Bitcoin’s realized profit‑and‑loss ratio has dipped to –0.35, a figure that hasn’t been seen in more than three years. The drop, which coincides with the FTX collapse, is being flagged by Cryptoquant as a “bottom signal.” For everyday traders, this means that the market’s long‑term bearish bias may be reaching a low point, potentially setting the stage for a rebound. The signal is not a guarantee of an immediate price jump, but it does suggest that the market has exhausted much of its downside.
At the same time, the big‑name strategy of Michael Saylor is shifting from a buyer to a seller, with a planned dump of 3,588 BTC. Large‑scale sell orders can add pressure to the price, especially when the market is already in a fear state (the fear‑greed index sits at 27). Retail investors should therefore keep an eye on how quickly Saylor’s liquidation unfolds and whether it triggers a short‑term pullback before the broader market can recover.

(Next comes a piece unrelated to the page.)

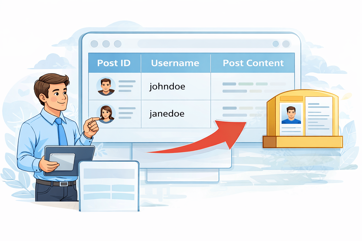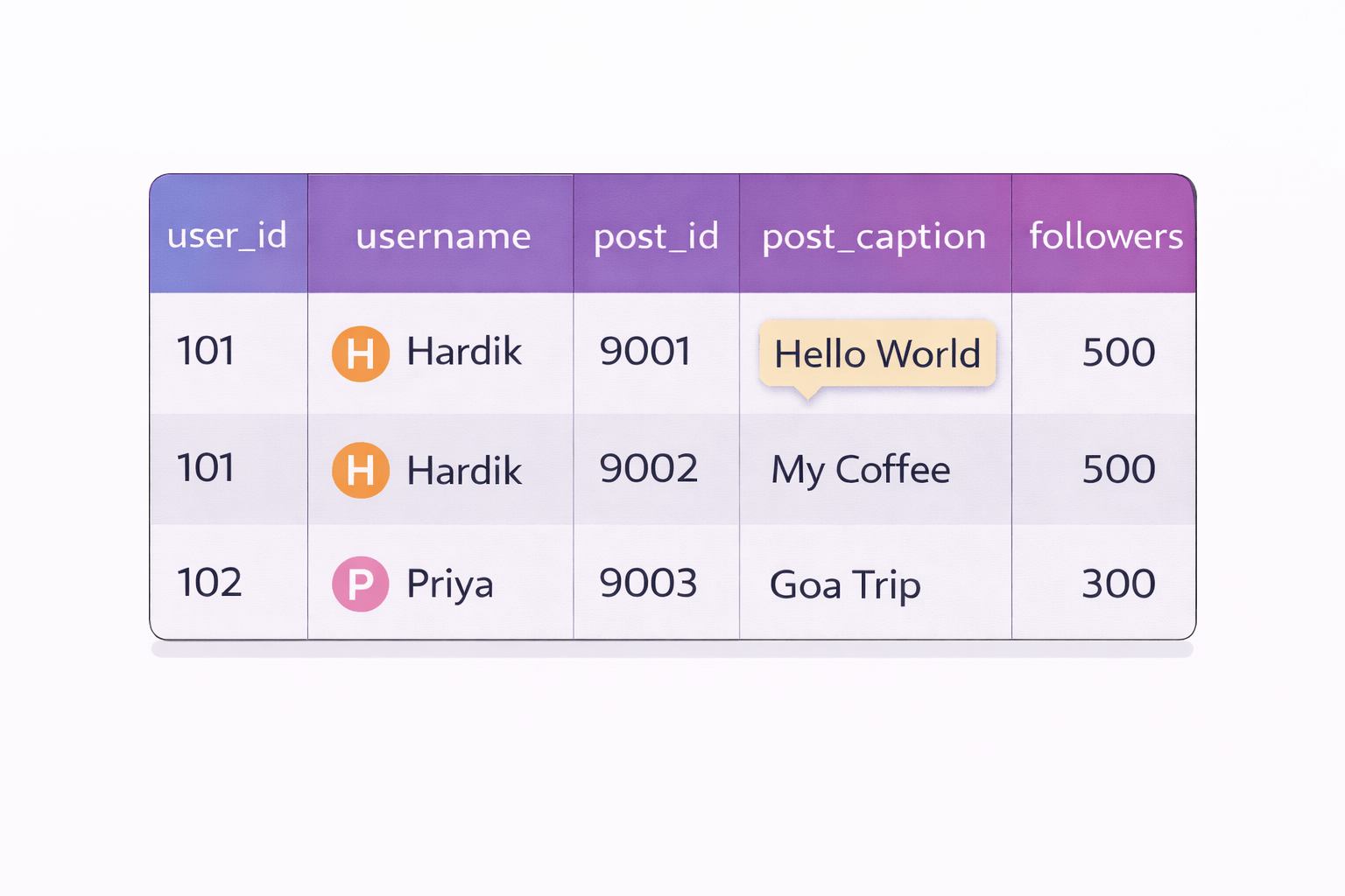 | user_id | post_id | username |

Bitcoin is currently trading just above $63,000, up about 0.9% over the last 24 hours. That modest gain, coupled with the low fear‑greed reading, indicates that sentiment is still cautious. A potential upside could materialise if the bottom signal holds and institutional buying resumes, but any rally will likely be tempered by ongoing sell‑pressure from large holders and the broader macro environment. Watching key support levels around $63,000 and monitoring the pace of Saylor’s sell‑off will be crucial for retail traders looking to time their entries or exits.